What the task requires – Output the line that contains "Dreirollenband für gefälzte" together with each line after it, through the final line of the listing below, word for word; omit pictures.

Information provided –
########################################

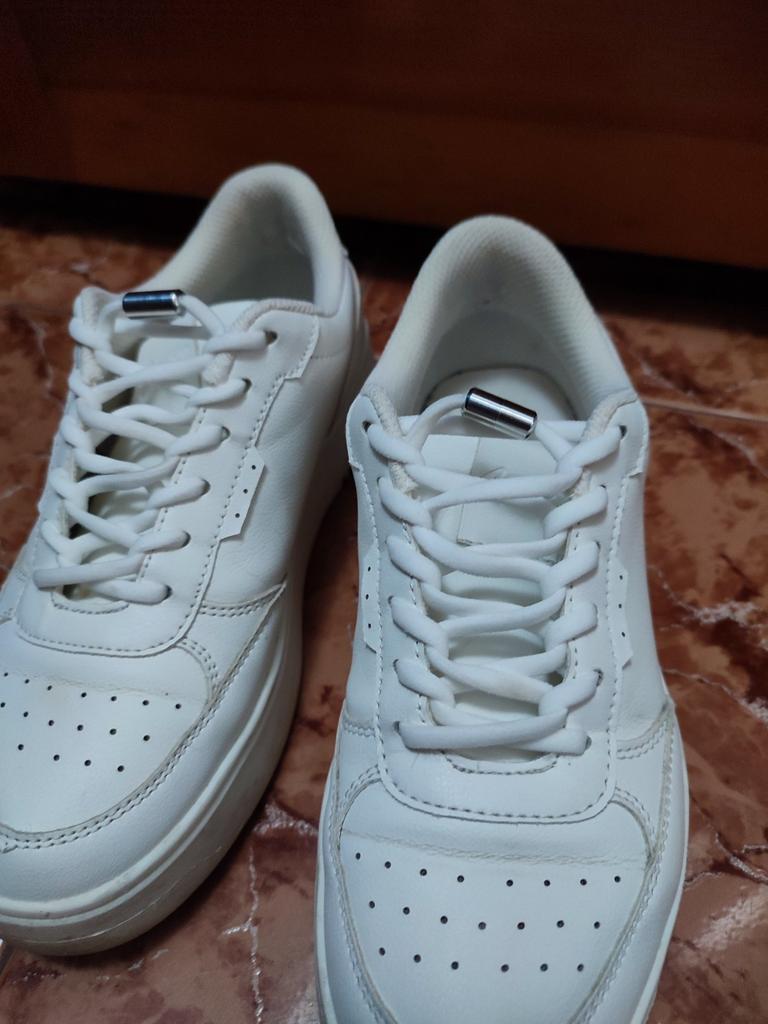 Muito legal. Agora os cadarços não saem. São elásticos e não precisa de os abrir sempre que calçar os sapatos. Vale a pena o dinheiro
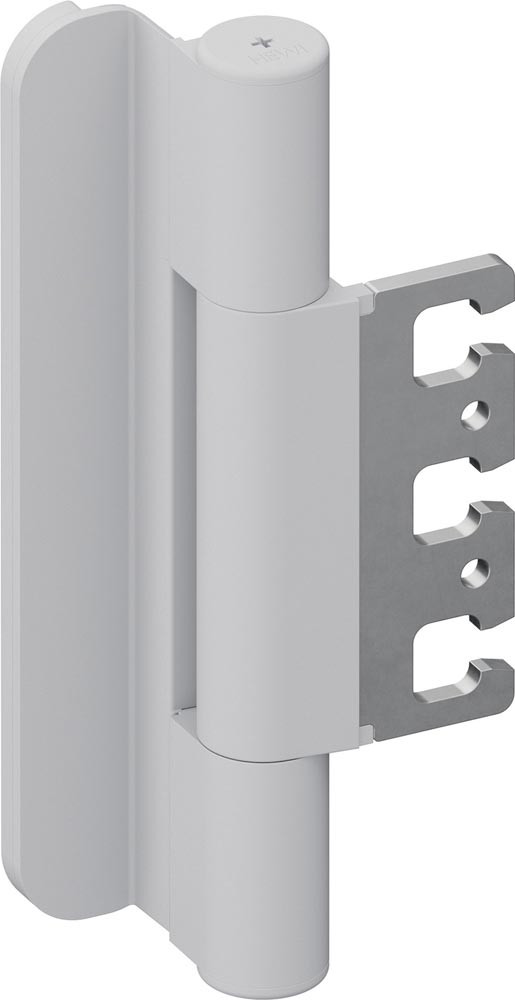 Dreirollenband für gefälzte Türen mit einem Gewicht bis zu 180 kg · aus mattem Polyamid mit tragenden Stahlgerüst · geschlossene Bandrolle · Bauhöhe 160 mm · Bandrollendurchmesser 21 mm · Edelstahlachse, DIN rechts und DIN links verwendbar · zur Montage an Holz-, Stahl- und Aluminiumtüren mit dreidimensional verstellbaren Aufnahmeelementen VX... und VZX... · Ausführungsvorschlag! Bitte alle Maße und baulichen Gegebenheiten im Auftragsfall prüfen!
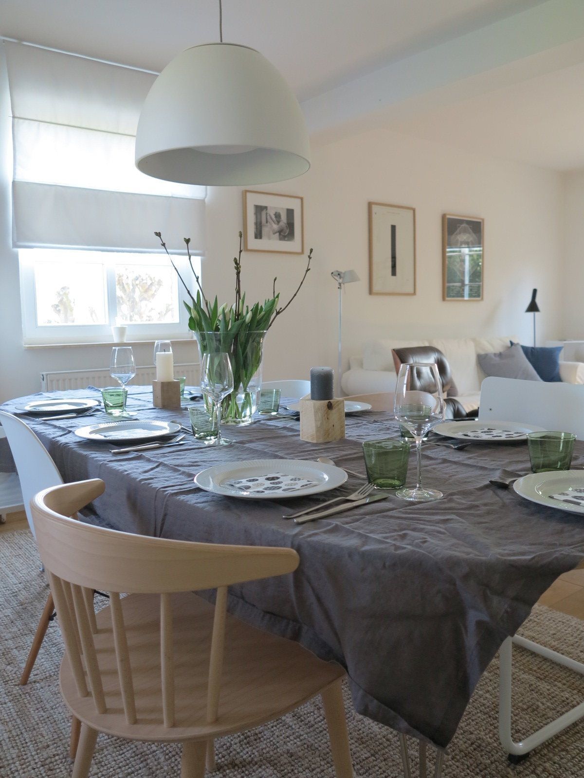 Natürlich gibt es auch edle Varianten der österlichen Tischdeko: Zu gedeckten Farben, verschiedenen Hölzern und Naturtextilien kann man gut kleine Deko-Osterhasen oder interessant gemusterte Eier, zum Beispiel von der Wachtel, kombinieren. Auch einzelne Federn sehen toll aus!

########################################

Answer section –
 Dreirollenband für gefälzte Türen mit einem Gewicht bis zu 180 kg · aus mattem Polyamid mit tragenden Stahlgerüst · geschlossene Bandrolle · Bauhöhe 160 mm · Bandrollendurchmesser 21 mm · Edelstahlachse, DIN rechts und DIN links verwendbar · zur Montage an Holz-, Stahl- und Aluminiumtüren mit dreidimensional verstellbaren Aufnahmeelementen VX... und VZX... · Ausführungsvorschlag! Bitte alle Maße und baulichen Gegebenheiten im Auftragsfall prüfen!
 Natürlich gibt es auch edle Varianten der österlichen Tischdeko: Zu gedeckten Farben, verschiedenen Hölzern und Naturtextilien kann man gut kleine Deko-Osterhasen oder interessant gemusterte Eier, zum Beispiel von der Wachtel, kombinieren. Auch einzelne Federn sehen toll aus!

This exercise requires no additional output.